I realized I didn't specify in my original post the pellets are being shot from a pellet rifle.
Forgive my ignorance, I'm not sure what TX and RX mean.
During the mockup phase of this project I was able to get this circuit to "see" pellets dependably. It was not hooked up to the 555 timer during the mockup stage, instead I had it hooked to a two transistor latch that turned on the LED.
What I am seeing with the circuit as it is now is it wont "see" the pellets consistently. While troubleshooting the circuit I noticed the phototransistor has to be almost totally blocked before it changes state. My current thought is, if the LED wasn't as bright the phototransistor would change state without having to be blocked almost totally. I may try adding a small pot in series with the LED and see if I can get less light out of it that way also I may end up trying different LEDs to see if different colors give me the response I am looking for.
 

(*steve*)

¡sǝpodᴉʇuɐ ǝɥʇ ɹɐǝɥd
Moderator
What you probably need is a constant current source feeding the phototransistor and the output being compared against a reference voltage. (The constant current source will give you a greater sensitivity than just using a resistor, and the output voltage is not determined by your supply rail.)

varying the gap between the normal (unblocked) output voltage and the reference would vary the sensitivity.

For best sensitivity, you would derive the reference from the average output voltage of the phototransistor and then add some variable offset.
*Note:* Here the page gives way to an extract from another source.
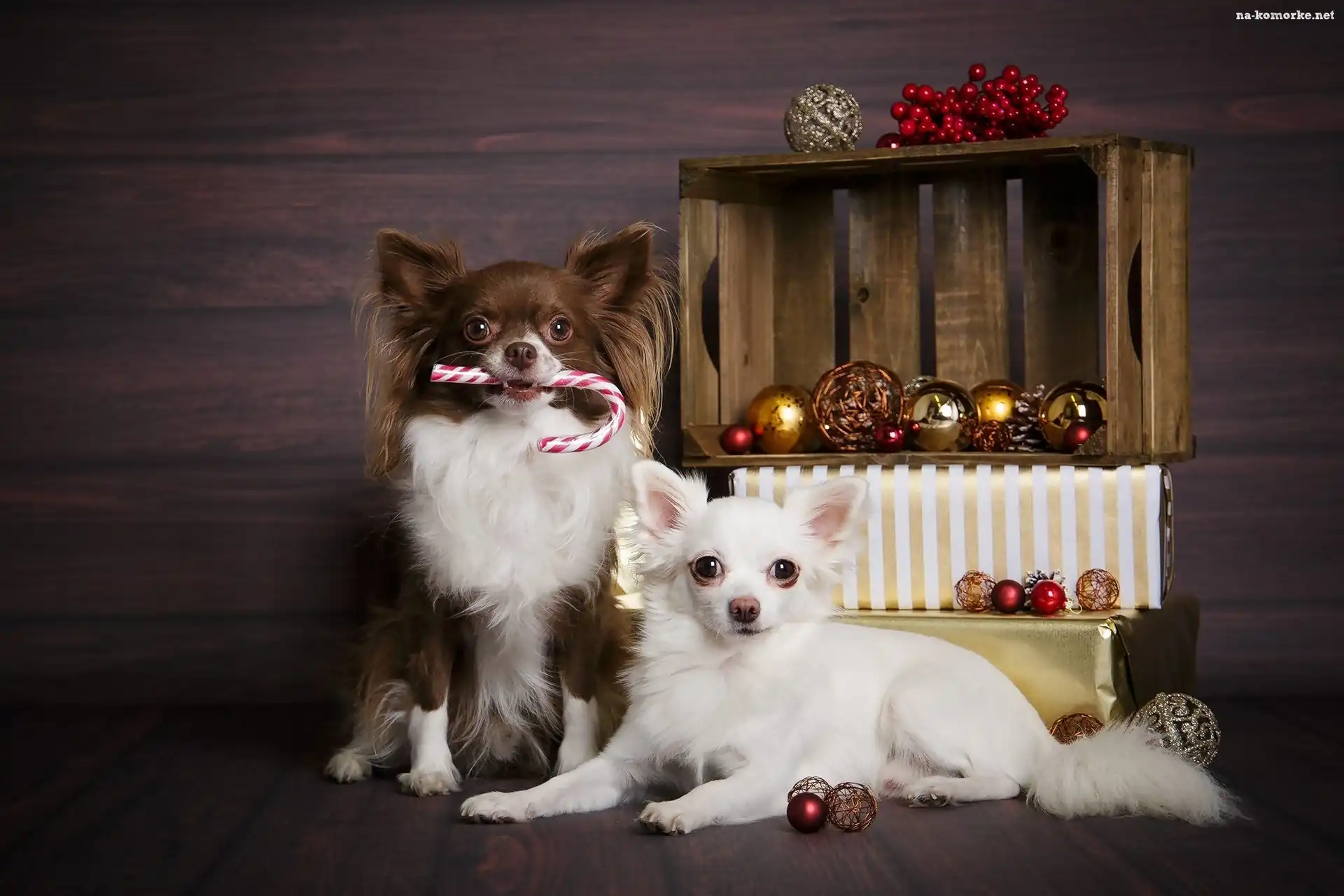 Świąteczne, Dwa, Psy, Chihuahua długowłosa, Bombki na Komórkę

This would be preferable because the transistor's operating point could vary with temperature, and other variables. Deriving a reference from the output voltage ensures that drift doesn't become so much of a problem.
 

KrisBlueNZ

Sadly passed away in 2015
Thanks for the clarification. I was wondering the same things that Adam asked.
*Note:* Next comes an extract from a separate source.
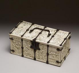 | Keywords: French - Casket with Scenes of Romances - Walters 71264 - Three Quarter Top.jpg This splendid casket is carved with scenes from romances and allegorical literature representing the courtly ideals of love and heroism In the center of the lid knights joust as ladies watch from the balcony; to the left knights lay siege to the Castle of Love the subject of an allegorical battle The remaining scenes on the casket are drawn from well-known stories about Aristotle and Phyllis Tristan and Iseult and tales of the gallant heroic deeds of Gawain Galahad and Lancelot The box may originally have been a courtship gift between 1330 1350 Medieval ivory with modern iron mounts cm 11 8 25 2 12 9 accession number 71 264 5780 Rev John Bowle Wiltshire prior to 1757 Gustavus Brander Christchurch Hampshire prior to 1787 mode of acquisition unknown Francis Douce London prior to 1824 mode of acquisition unknown Sir Samuel Rush Meyrick Goodrich Court Herefordshire prior to 1836 mode of acquisition unknown Lt Col Augustis Meyrick 1848 by inheritance Frédéric Spitzer Paris by purchase Sale Paul Chevallier and Charles Mannheim April 17 1893 no 114 Oscar Hainauer Berlin prior to 1897 mode of acquisition unknown Hector Economos Paris prior to 1913 mode of acquisition unknown Henri Daguerre Paris after 1913 mode of acquisition unknown Arnold Seligmann Rey and Co Paris date and mode of acquisition unknown Henry Walters city Baltimore Walters Art Museum Henry Walters Acquired by Henry Walters 1923 Ivory The Sumptuous Art The Walters Art Gallery Baltimore 1983-1984 The Taste of Maryland Art Collecting in Maryland 1800-1934 The Walters Art Gallery Baltimore 1984 Plants and Flowers in Medieval Manuscripts The Walters Art Gallery Baltimore 1991 Medieval Games of Love and War The Walters Art Gallery Baltimore 1995-1996 Images in Ivory Precious Objects of the Gothic Age The Detroit Institute of Arts Detroit; The Walters Art Gallery Baltimore 1997 Vive la France French Treasures from the Middle Ages to Monet The Walters Art Gallery Baltimore 1999-2000 The Book of Kings Art War and the Morgan Library's Medieval Picture Bible The Walters Art Museum Baltimore; Academy of the Arts Easton Easton; Princeton University Art Museum Princeton; The Mitchell Gallery Annapolis; Williams College Museum of Art Williamstown 2002 Romance of the Rose Visions of Love in Illuminated Medieval Manuscripts The Walters Art Museum Baltimore 2009 place of origin Paris France Walters Art Museum license Casket with Scenes of Romances - Walters 71264 Art of France in the Walters Art Museum Media contributed by the Walters Art Museum needs category review Vive la France French Treasures from the Middle Ages to Monet |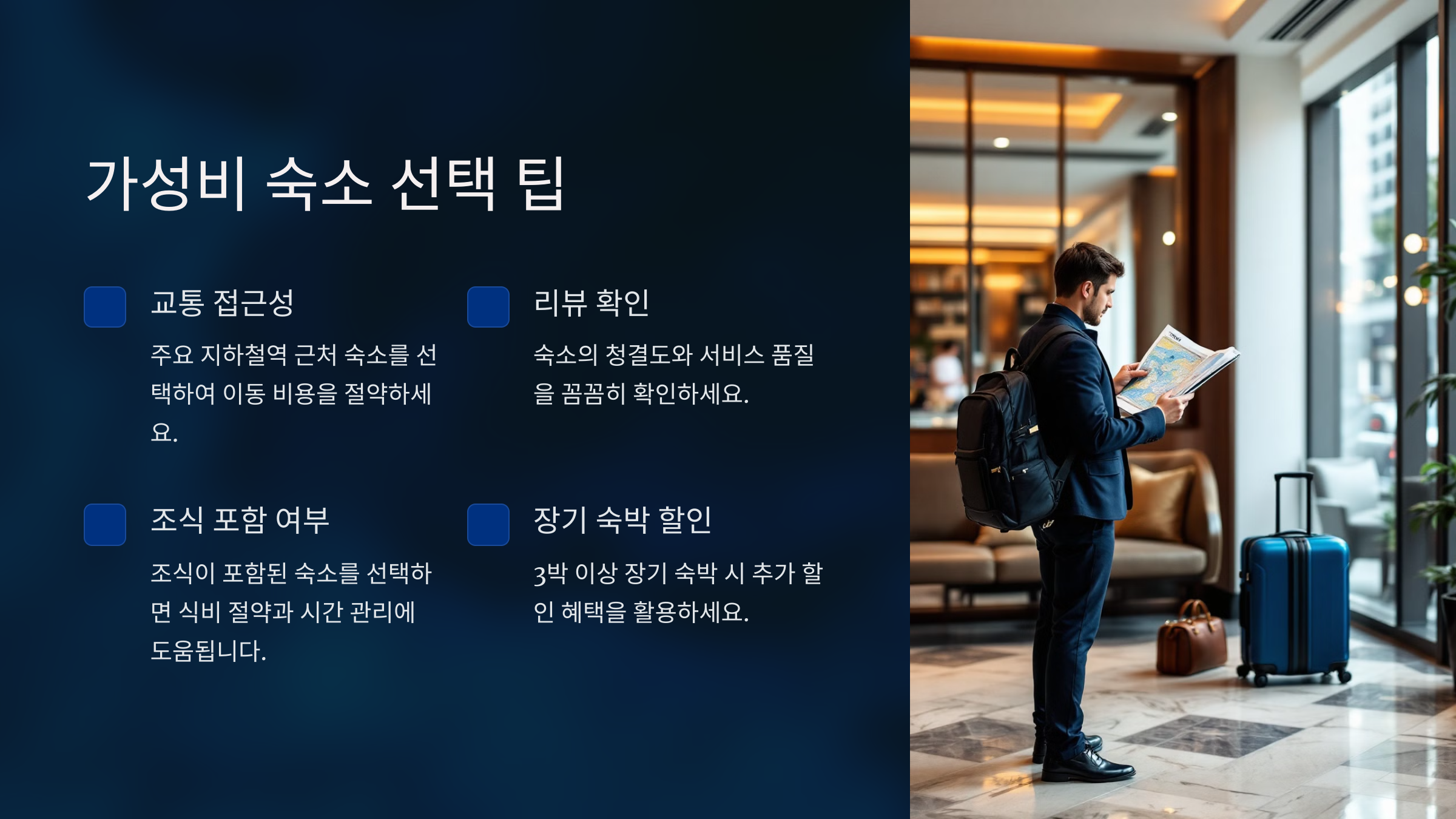 2. 숙소 리뷰 확인: 가격이 저렴하더라도 청결도나 서비스 품질이 낮으면 만족도가 떨어질 수 있습니다.

TX and RX mean transmit (or transmitter) (i.e. the LED) and receive (or receiver) (i.e. the phototransistor).

For that particular problem, a simple solution is to reduce the value of the emitter resistor.

Here's an explanation.

The phototransistor responds to light intensity by producing a roughly proportional photocurrent, or more correctly, by allowing a current to flow through it, from its collector to its emitter.
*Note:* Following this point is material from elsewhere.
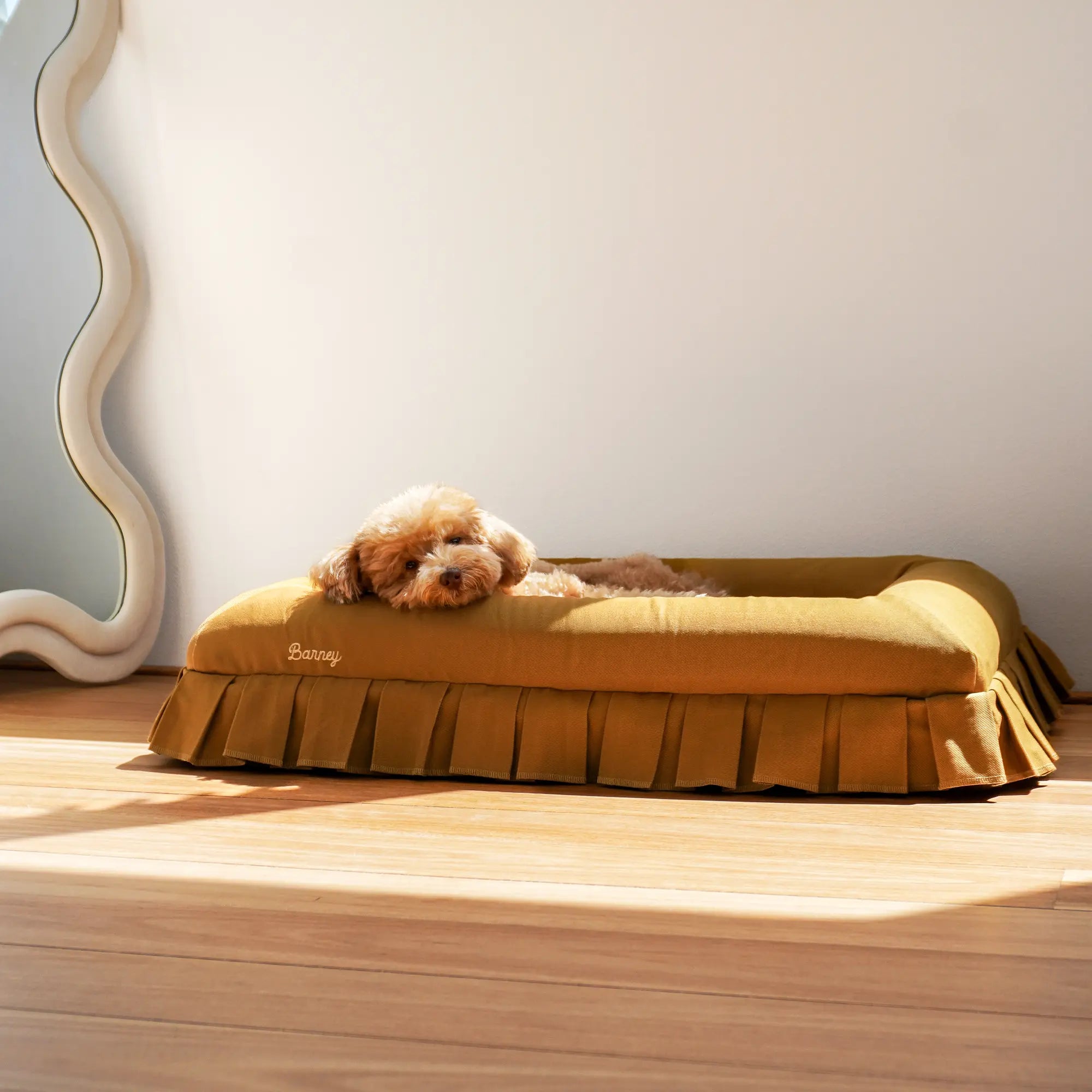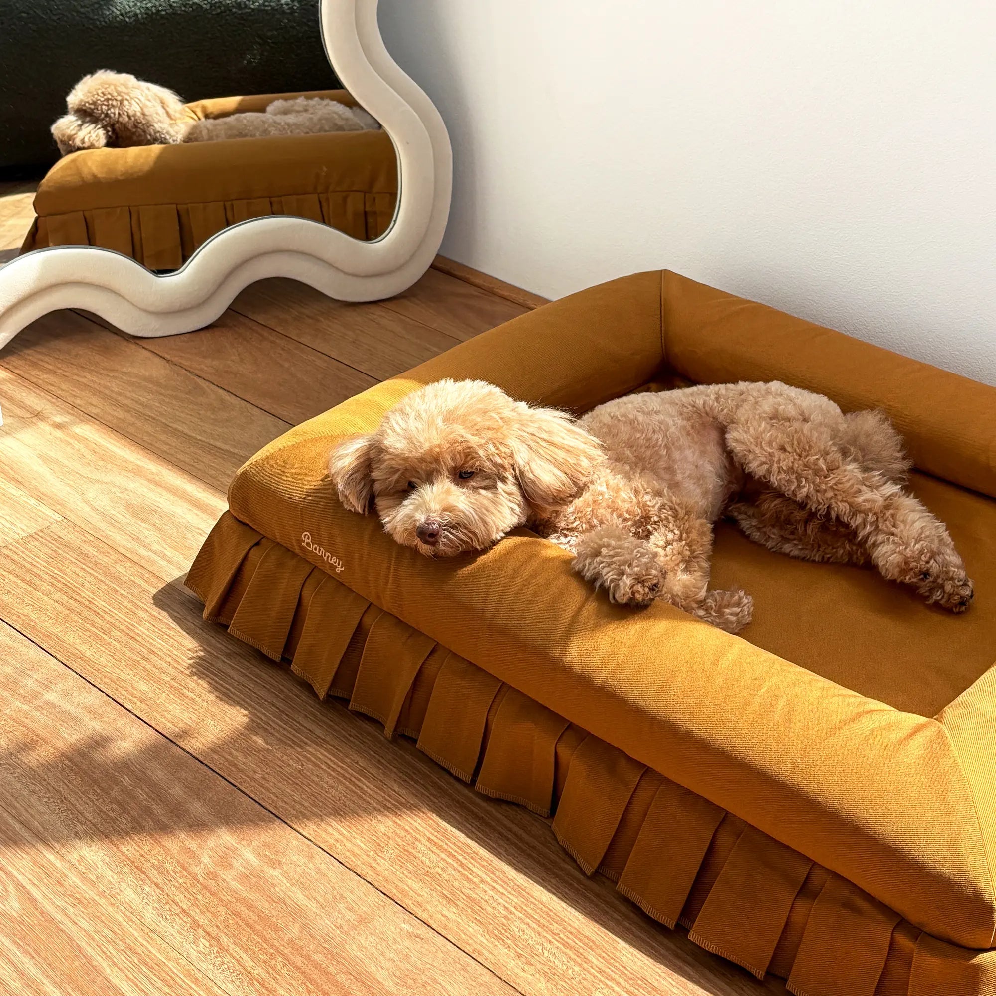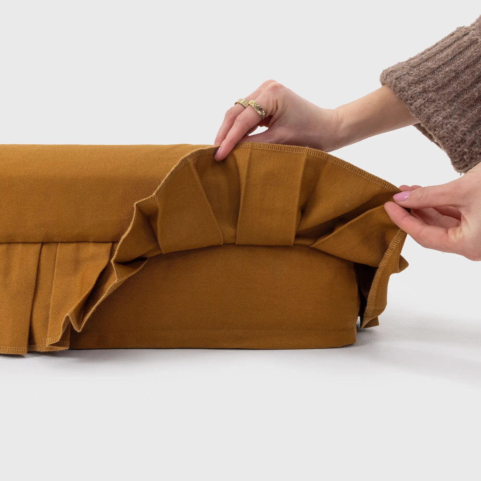 A note on our signature skirt: the semi-attached box pleat adds charm and structure, so we recommend this cover for gentle loungers rather than dogs who scratch or chew excessively.

So if you connected a phototransistor across a power supply with no series resistor (don't actually do this because you could damage it if the light is bright enough), and measured the current through it, you would see the current vary roughly linearly in response to the light falling on the phototransistor.

Imagine that you subject the phototransistor to a steadily increasing light intensity. The current might start at 0.1 mA, increase smoothly through 1.0 mA, and eventually reach 10 mA.

The 555's trigger input responds to voltage. So you need some way to convert the current from the phototransistor into a voltage; hence the emitter resistor.

But the combination of the supply voltage and the value of the emitter resistance sets a limit for the current that can flow through the phototransistor, according to Ohm's Law: I = V / R. In your case, V isn't specified, so I'll assume it's 12V, and R is 8.2k. That limits the current to about 1.5 mA.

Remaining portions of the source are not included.